Norman argues with some conviction the decline was sparked by a concerted effort by a large fund or bank (not named) on the Comex market in New York which channeled trades through the Merrill Lynch floor team.
The trades that broke gold’s back came in two short bursts, but constituted some 15% of annual gold production – too much for the market to absorb.
The first futures trade on Friday was for 3.4 million ounces or 100 tonnes which saw gold crash through the all-important technical level of $1,540 which was “not only the low of 2012, it was also seen by many as the level which confirmed the ongoing bull run which dates back to 2000.”
Then two hours later a massive 10 million ounces or 300 tonnes were sold within just 30 minutes:
This was clearly not a case of disappointed longs leaving the market – it had the hallmarks of a concerted ‘short sale’, which by driving prices sharply lower in a display of ‘shock & awe’ – would seek to gain further momentum by prompting others to also sell as their positions as they hit their maximum acceptable losses or so-called ‘stopped-out’ in market parlance.
The value of the 400 tonnes of gold sold is approximately $20 billion but because it is margined, this short bet would require them to stump up just $1b. The rationale for the trade was clear – excessively bullish forecasts by many banks in Q4 seemed unsupported by follow through buying. The modest short selling in Jan 2013 had prompted little response from the longs – raising questions about their real commitment. By forcing the market lower the Fund sought to prompt a cascade or avalanche of additional selling, proving the lie ; predictably some newswires were premature in announcing the death of the gold bull run doing, in effect, the dirty work of the shorters in driving the market lower still.

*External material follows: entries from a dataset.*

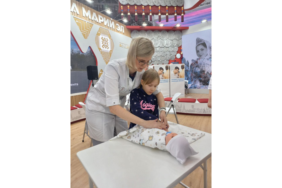На выставочной площадке врачи Сернурской центральной районной больницы обучали всех желающих грамотному пеленанию новорождённых. Мастер-класс возвращал зрителей и участников пеленания в «допамперсную» эпоху, когда родители использовали вместо современных памперсов обычные многоразовые подгузники.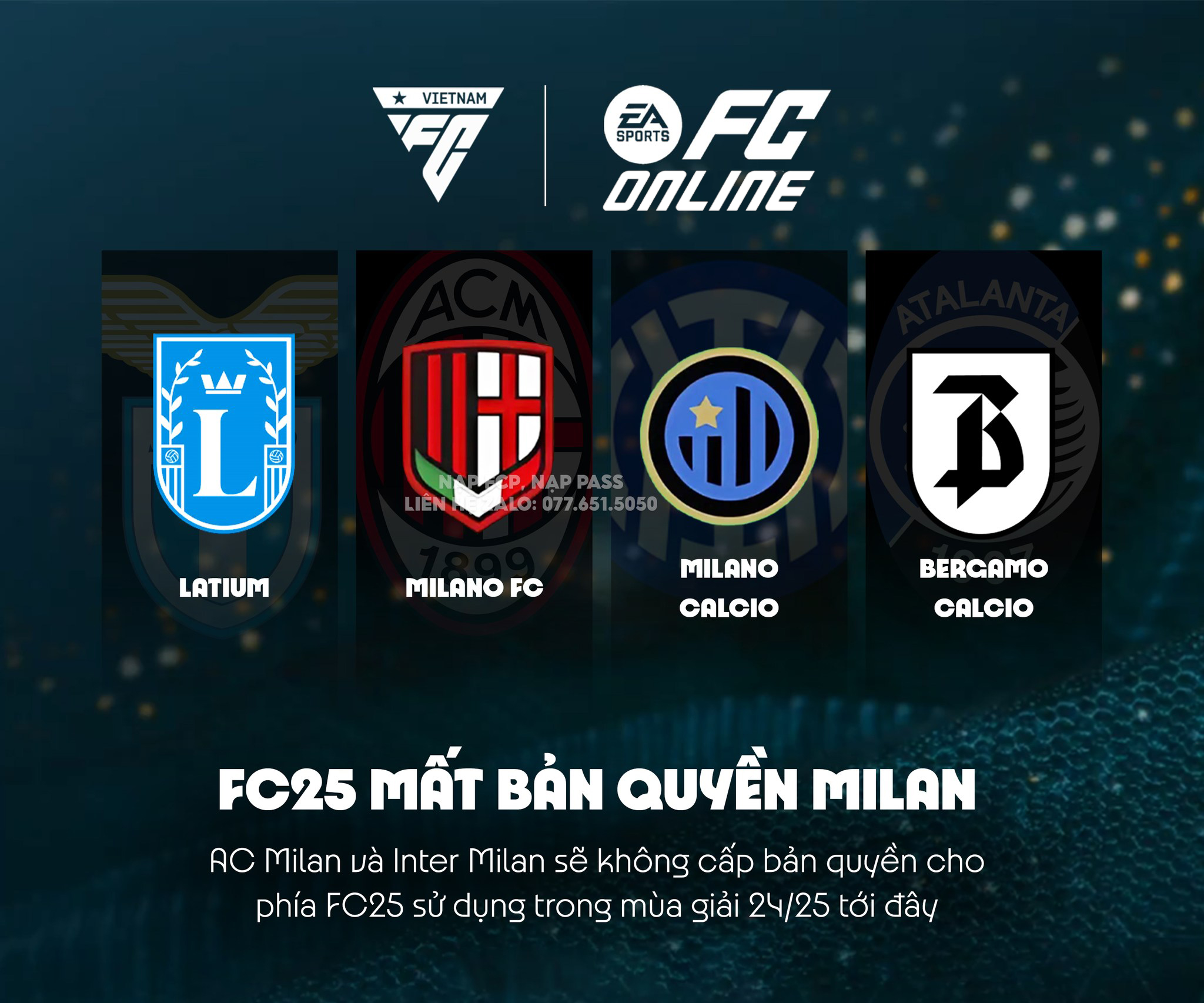 Như vậy, với việc FC 25 không còn bản quyền hình ảnh của AC Milan và Inter Milan, FC Online thời gian tới cũng sẽ không còn 2 CLB thành Milan kể trên và thay vào đó là logo cùng tên mới sẽ được thêm vào.
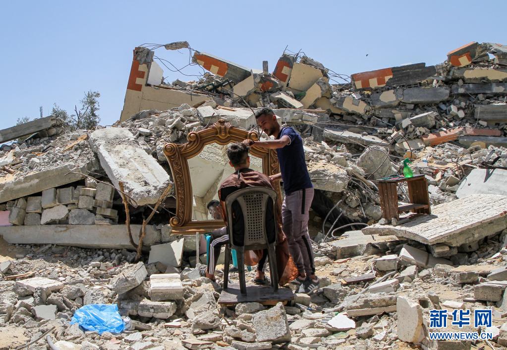 5月26日,在加沙地帶北部的城鎮(zhèn)貝特拉希亞,23歲的巴勒斯坦理發(fā)師阿卜杜拉·扎瓦拉在他被以色列炸毀的房屋前為顧客免費(fèi)服務(wù)?!⌒氯A社發(fā)(里澤克·阿卜杜勒·賈瓦德攝)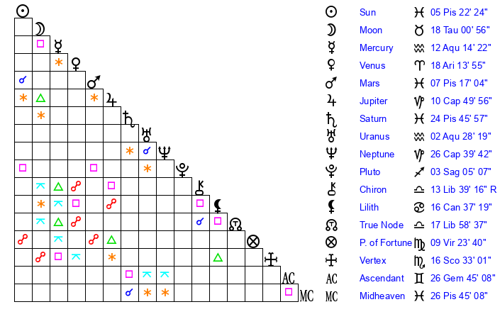 | Sun | 5 Pisces 22 | 6 Pisces 20 | 4 Aries 20 |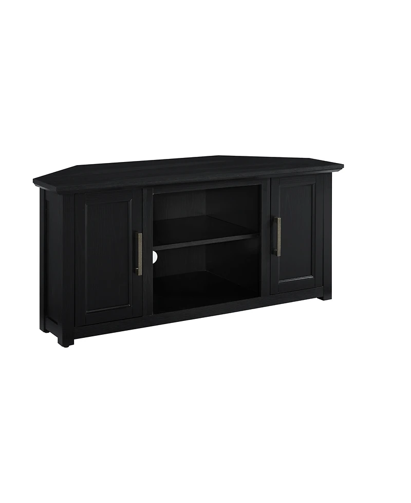 Featuring two cabinets with an adjustable shelf in each, this stand is ready to corral your books, video games, or other media. The open storage in the center offers an adjustable and removable shelf with two pre-cut holes in the back for cable management. Sized to fit most Tv's up to 50"".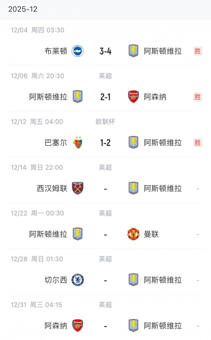 在本月剩余的4场比赛中,维拉将会踢4场英超比赛,分别是对阵西汉姆联、曼联、切尔西和阿森纳,堪称魔鬼赛程。维拉在连续对阵英超BIG6球队的情况下能否延续火热的连胜势头,令人无比期待。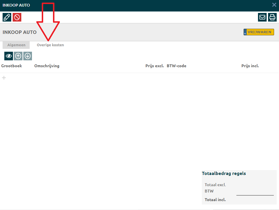 Hiervoor ga je naar het tabblad Overige kosten bij het inkopen van de voertuig.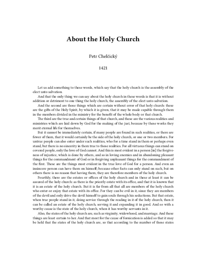 Zine About the Holy Church Author: Petr Chel?ickýPublished: 1421Language: enCatalog: The Anarchist Library5 pages. Read online: html • pdf •imposed pdf • a4 pdf • epub • muse • tex Share: We mail all zines to incarcerated people for free.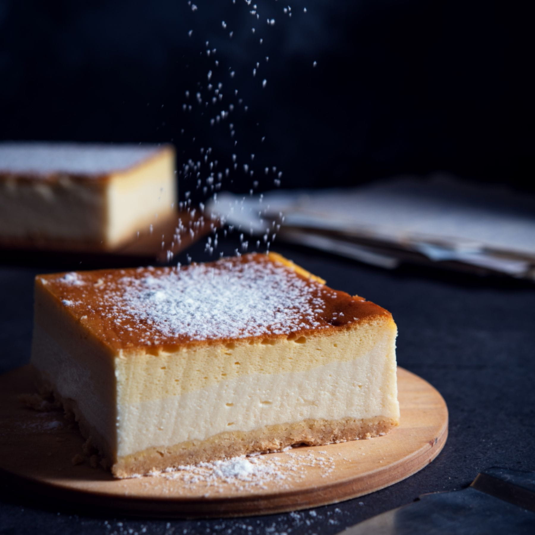 Na górze sernika znajduje się delikatna posypka z cukru pudru, która nadaje mu wyjątkowego uroku wizualnego i lekkości w smaku. To doskonałe zwieńczenie tej wyśmienitej kompozycji smakowej.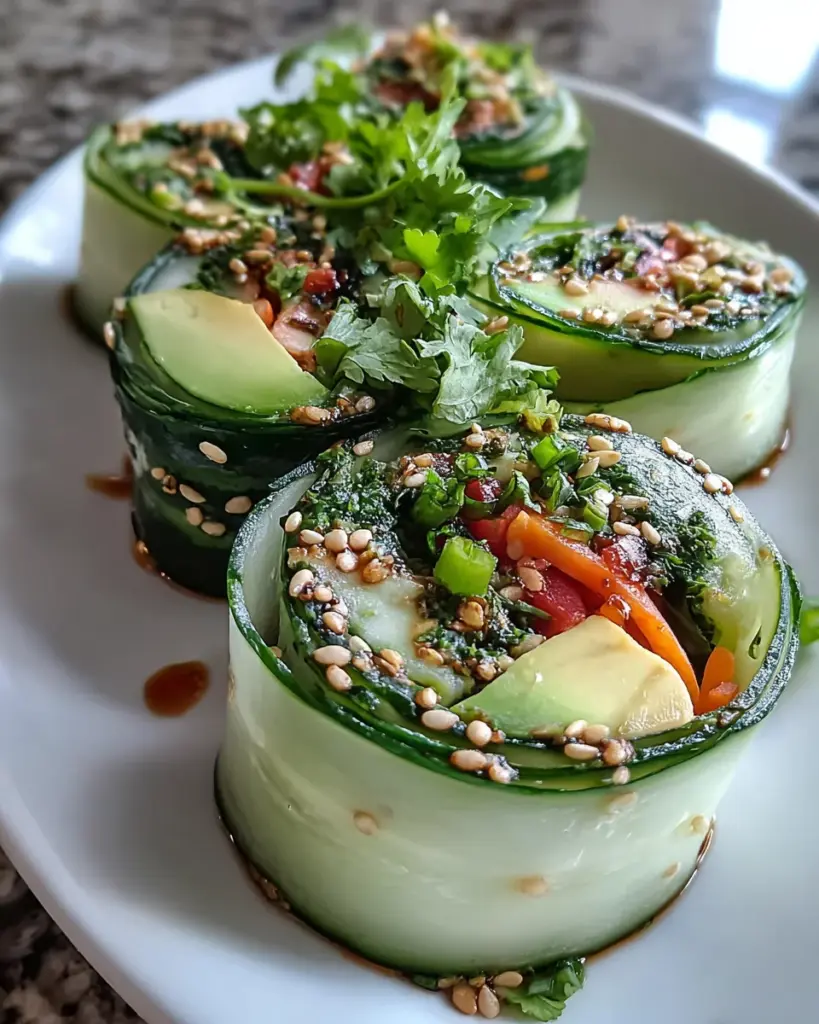 A refreshing and light dish featuring cucumber and avocado rolled with optional vegetables, perfect for a healthy snack or appetizer.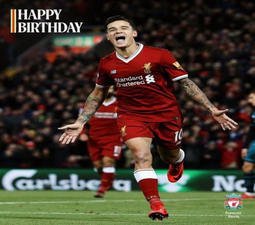 体育资讯6月12日报道宣称 利物浦官方社媒更新动态,为库蒂尼奥庆生。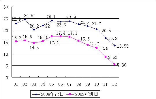 图2 2008年电子信息产品进出口每月累计增幅情况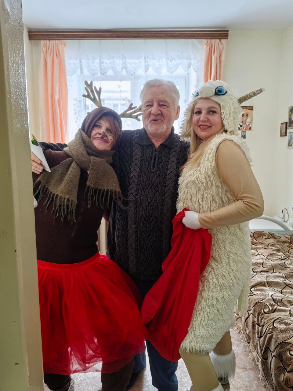 В Дарковичском доме-интернате для престарелых и инвалидов, в прекрасный морозный денёк, ряженые порадовали наших подопечных одной из самых увлекательных зимних забав – колядованием. Исполняли приговоры и пели песни, обращаясь к получателям социальных услуг и сотрудникам, а ещё плясали, осыпали зерном на счастье, желали здоровья и благополучия. Всех с головой захватил это процесс, народные колядки подняли всем настроение и добавили улыбок.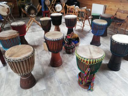 Serdecznie zapraszamy na warsztaty gry na afrykańskich bębnach DJEMBE. Bębny djembe pochodzą z regionu Afryki Zachodniej. Na warsztacie uczestnicy poznają podstawy techniki gry na tym fascynującym instrumencie. Dowiedzą się co to jest bas, ton i slap. Poznają autentyczne rytmy i akompaniamenty afrykańskie. Warsztaty bębniarskie to świetna zabawa w zrelaksowanej atmosferze. Gratka dla osób, które zawsze czuły, że pociąga je rytm. Poziom początkujący.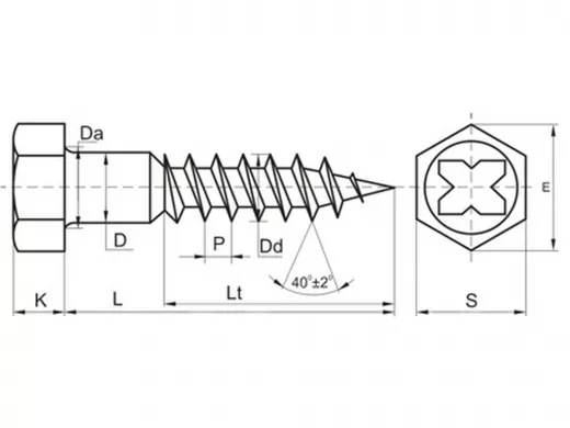 - Длина резьбы Lt=0,6*L

This now leaves the gold market in an interesting conundrum – the shorter is now nursing a large gold position and, like the longs also exposed – that is to say the market is polarised between longs and shorts and they cannot both be right. Either the gold bulls – like in a game of tug-of-war – pull back and prompt the shorters to panic and buy back – or they do nothing, in which case the endless stories about the “end of gold” will see a steady further erosion in prices. At the end of the day it is a question of who has got the biggest guns – the shorts have made their play – let’s see if there is any response from the longs to defend their position.